> **DATASET CONTENT**

══════

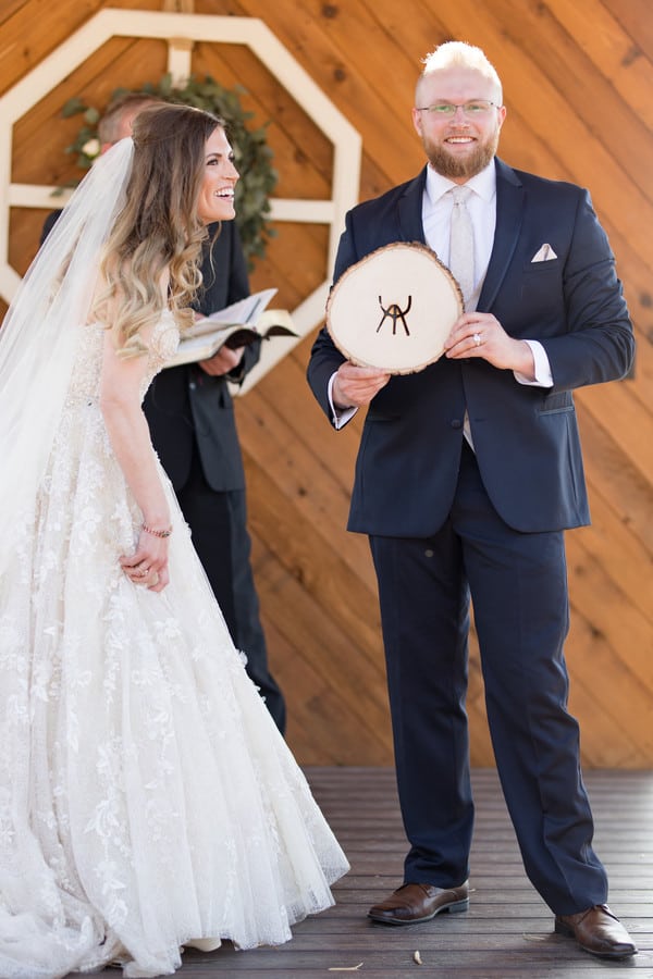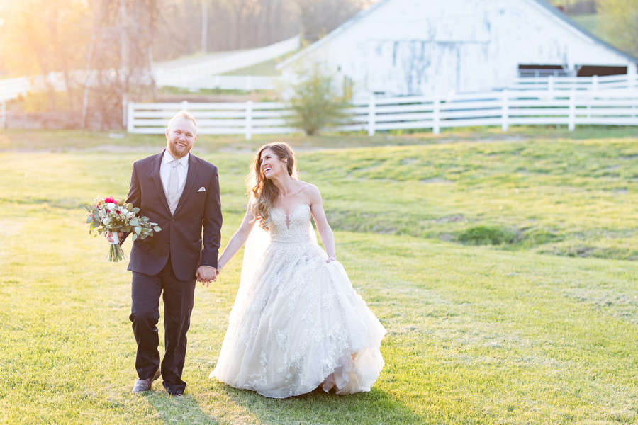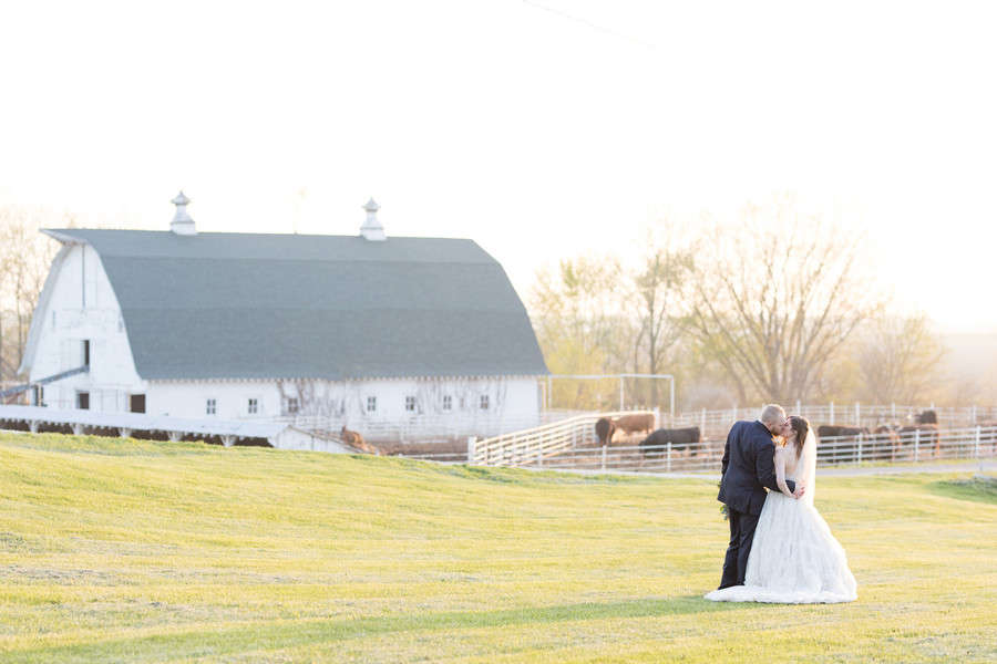 Photographer’s Comments: “Amanda and Charley chose a brand new venue at a real working farm in Missouri. They picked this venue because of it’s hilltop view and because they fell in love with the owners of the venue – Art and Christie, who opened the venue because they felt like God was leading them to do this so they could truly serve their couples and celebrate marriage. The owners live and work on the farm, in addition to operating the venue themselves! “Amanda’s grandmother was unable to make it to the ceremony, but really wanted to make sure she celebrated and rejoiced with them. During the ceremony, the pastor played a recorded prayer from her grandmother praying over them for their marriage, which had everyone in tears (including the photographer). “The couple decided to do a branding during their ceremony instead of a traditional unity candle. They had a custom branding iron made ahead of time (that Charley designed), which was heated up and brought over by Charley’s dad at the moment they branded a piece of wood. Amanda grew up with her dad raising cattle and they loved the idea of this. This brand also carried into the topper for the cake during the reception. “Amanda and Charley met when Charley purchased a gun from her at the Bass Pro counter. After meeting her, he actually applied for a job there so he could “flirt with her and make her fall in love with me”. Their first date was watching game 5 of the Royals world series in 2015 when the Royals won it all! Amanda actually purchased a rifle for Charley as a gift at the wedding. She wanted him to have a generational gift he could pass on to their children.”Gallery
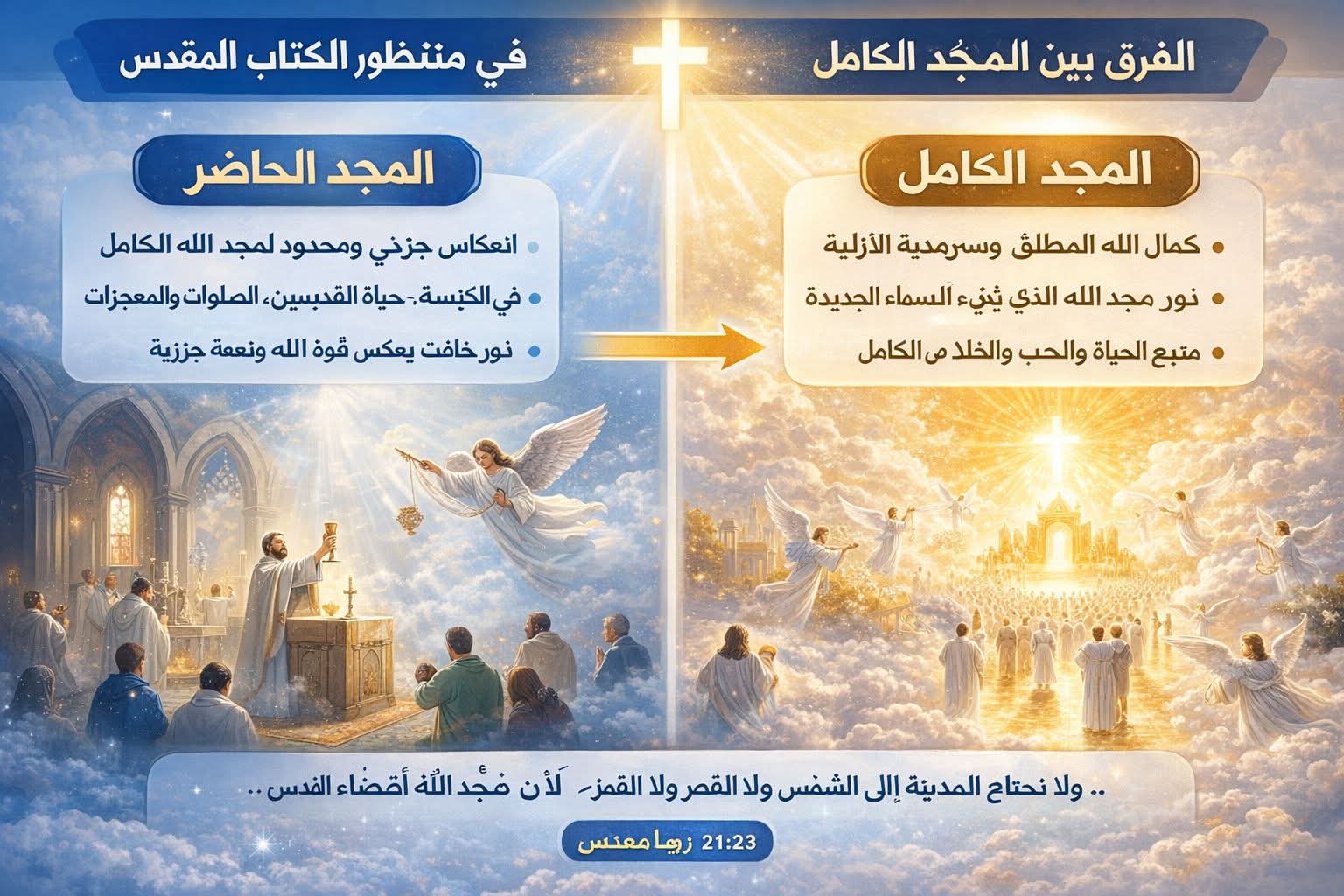 في سفر الرؤيا، كلمة "المجد" (Glory) غالبًا تشير إلى ظهور الله كما هو في كماله، أو عظمته الكاملة، أو سموه المقدس الذي يعكس كماله الإلهي. مثال: في رؤيا 21:23 – "ولا تحتاج مدينة إلى شمس ولا قمر لأن مجد الله أضاءها" → هنا المجد الكامل = نور الله بذاته، حضور الله الكامل والمطلق. المجد الكامل هو حضور الله في مجده الأزلّي الذي لا نقص فيه، وهو مصدر الحياة والنور والحقيقة. خلاصة: الكامل = كمال الله المطلق، الذي يظهر في السماء الجديدة والأرض الجديدة، ويُعطي البركة والقداسة الكاملة. 2️⃣ المجد الحاضر الآن المجد الحاضر هو جزء من هذا المجد الكامل يُكشف أو يُعاش بشكل محدود في الزمن الحالي، بسبب القيود البشرية والخطيئة. مثال: في الرؤيا، المؤمنون على الأرض يمكن أن يشهدوا نعمة الله أو قوته أو رحمته، لكن لا يستطيعون إدراك المجد الكامل كما في الملكوت السماوي. بعبارة أخرى: المجد الحاضر = انعكاس جزئي أو انعكاس محدود من المجد الكامل، يُرى في صلواتنا، المعجزات، أو في الكنيسة وفي حياة القديسين. 📌 مثال توضيحي بالكتاب: رؤيا 4:8-11: الكائنات الحية الأربع تقدّم "مجدًا" لله → هذا مجد حاضر يظهر للملائكة، لكنه جزئي مقارنة بالمجد الكامل الذي يخص الله بذاته. رؤيا 21:23: المدينة السماوية تتلألأ بـ "مجد الله" → هذا هو المجد الكامل الذي لا يُخفى، مجد الله بذاته، ليس انعكاسًا أو صورة. ✅ الخلاصة: المجد الكامل = كمال الله المطلق الذي سيظهر في النهاية، السماوي والأزلي. المجد الحاضر = انعكاس محدود لهذا المجد على الأرض أو في حياة المؤمنين، يمكن أن يُحس ويُشاهد جزئيًا ولكن ليس بكماله الأزلّي." ![]() |
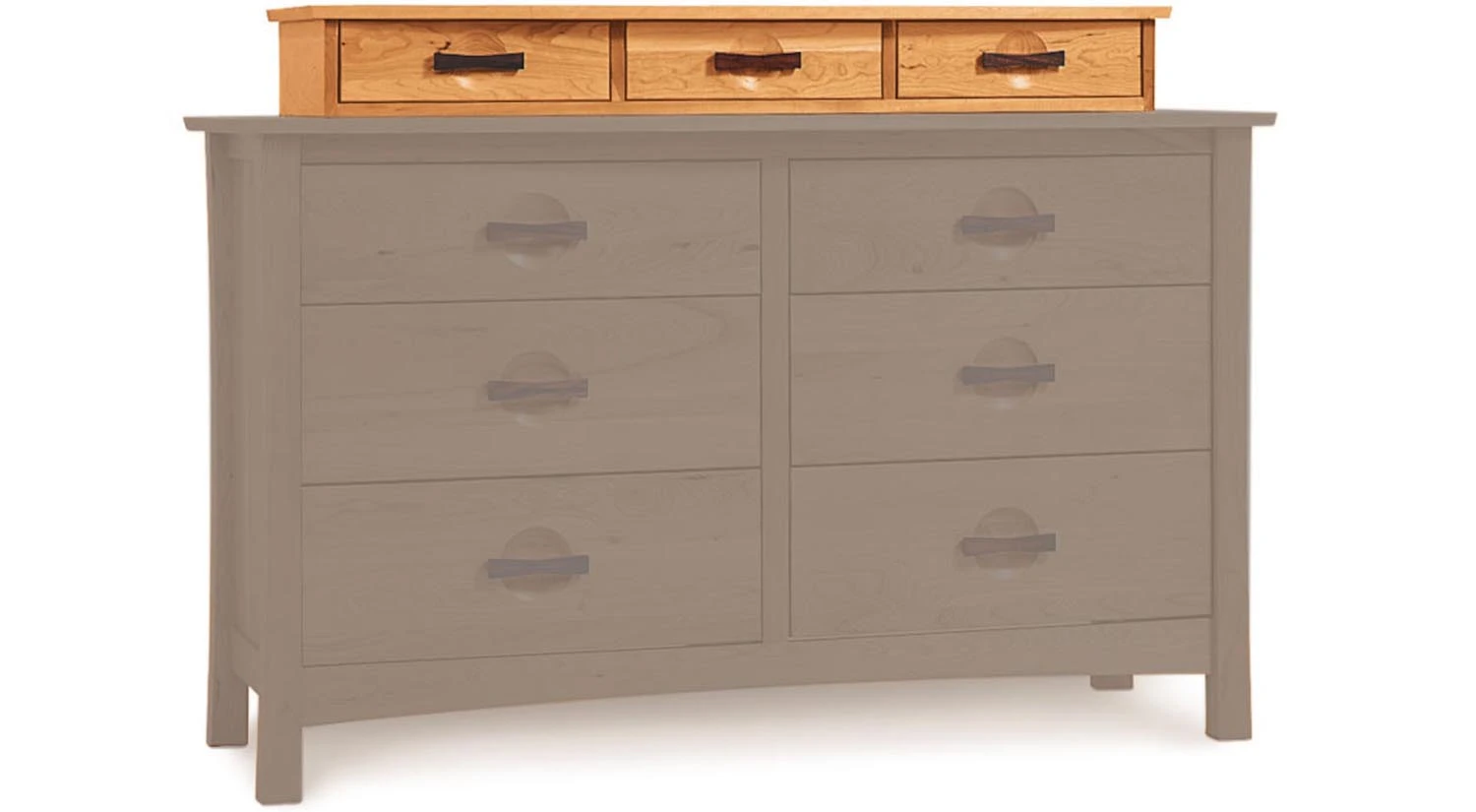 The Berkeley 6 Drawer Dresser w/ Accessory Case is made of solid cherry hardwood featuring black walnut accents, wood-on-wood drawer glides, and a 3 drawer accessory case on top. Distinct details complement the dresser’s sleek design, and it comes in a variety of GREENGUARD Certified finishes for low chemical emissions.

══════

> **TASK PROMPT**
Output the whole listing exactly. Pictures stay out.

> **RESULT**
 Photographer’s Comments: “Amanda and Charley chose a brand new venue at a real working farm in Missouri. They picked this venue because of it’s hilltop view and because they fell in love with the owners of the venue – Art and Christie, who opened the venue because they felt like God was leading them to do this so they could truly serve their couples and celebrate marriage. The owners live and work on the farm, in addition to operating the venue themselves! “Amanda’s grandmother was unable to make it to the ceremony, but really wanted to make sure she celebrated and rejoiced with them. During the ceremony, the pastor played a recorded prayer from her grandmother praying over them for their marriage, which had everyone in tears (including the photographer). “The couple decided to do a branding during their ceremony instead of a traditional unity candle. They had a custom branding iron made ahead of time (that Charley designed), which was heated up and brought over by Charley’s dad at the moment they branded a piece of wood. Amanda grew up with her dad raising cattle and they loved the idea of this. This brand also carried into the topper for the cake during the reception. “Amanda and Charley met when Charley purchased a gun from her at the Bass Pro counter. After meeting her, he actually applied for a job there so he could “flirt with her and make her fall in love with me”. Their first date was watching game 5 of the Royals world series in 2015 when the Royals won it all! Amanda actually purchased a rifle for Charley as a gift at the wedding. She wanted him to have a generational gift he could pass on to their children.”Gallery
 في سفر الرؤيا، كلمة "المجد" (Glory) غالبًا تشير إلى ظهور الله كما هو في كماله، أو عظمته الكاملة، أو سموه المقدس الذي يعكس كماله الإلهي. مثال: في رؤيا 21:23 – "ولا تحتاج مدينة إلى شمس ولا قمر لأن مجد الله أضاءها" → هنا المجد الكامل = نور الله بذاته، حضور الله الكامل والمطلق. المجد الكامل هو حضور الله في مجده الأزلّي الذي لا نقص فيه، وهو مصدر الحياة والنور والحقيقة. خلاصة: الكامل = كمال الله المطلق، الذي يظهر في السماء الجديدة والأرض الجديدة، ويُعطي البركة والقداسة الكاملة. 2️⃣ المجد الحاضر الآن المجد الحاضر هو جزء من هذا المجد الكامل يُكشف أو يُعاش بشكل محدود في الزمن الحالي، بسبب القيود البشرية والخطيئة. مثال: في الرؤيا، المؤمنون على الأرض يمكن أن يشهدوا نعمة الله أو قوته أو رحمته، لكن لا يستطيعون إدراك المجد الكامل كما في الملكوت السماوي. بعبارة أخرى: المجد الحاضر = انعكاس جزئي أو انعكاس محدود من المجد الكامل، يُرى في صلواتنا، المعجزات، أو في الكنيسة وفي حياة القديسين. 📌 مثال توضيحي بالكتاب: رؤيا 4:8-11: الكائنات الحية الأربع تقدّم "مجدًا" لله → هذا مجد حاضر يظهر للملائكة، لكنه جزئي مقارنة بالمجد الكامل الذي يخص الله بذاته. رؤيا 21:23: المدينة السماوية تتلألأ بـ "مجد الله" → هذا هو المجد الكامل الذي لا يُخفى، مجد الله بذاته، ليس انعكاسًا أو صورة. ✅ الخلاصة: المجد الكامل = كمال الله المطلق الذي سيظهر في النهاية، السماوي والأزلي. المجد الحاضر = انعكاس محدود لهذا المجد على الأرض أو في حياة المؤمنين، يمكن أن يُحس ويُشاهد جزئيًا ولكن ليس بكماله الأزلّي." ![]() |
 The Berkeley 6 Drawer Dresser w/ Accessory Case is made of solid cherry hardwood featuring black walnut accents, wood-on-wood drawer glides, and a 3 drawer accessory case on top. Distinct details complement the dresser’s sleek design, and it comes in a variety of GREENGUARD Certified finishes for low chemical emissions.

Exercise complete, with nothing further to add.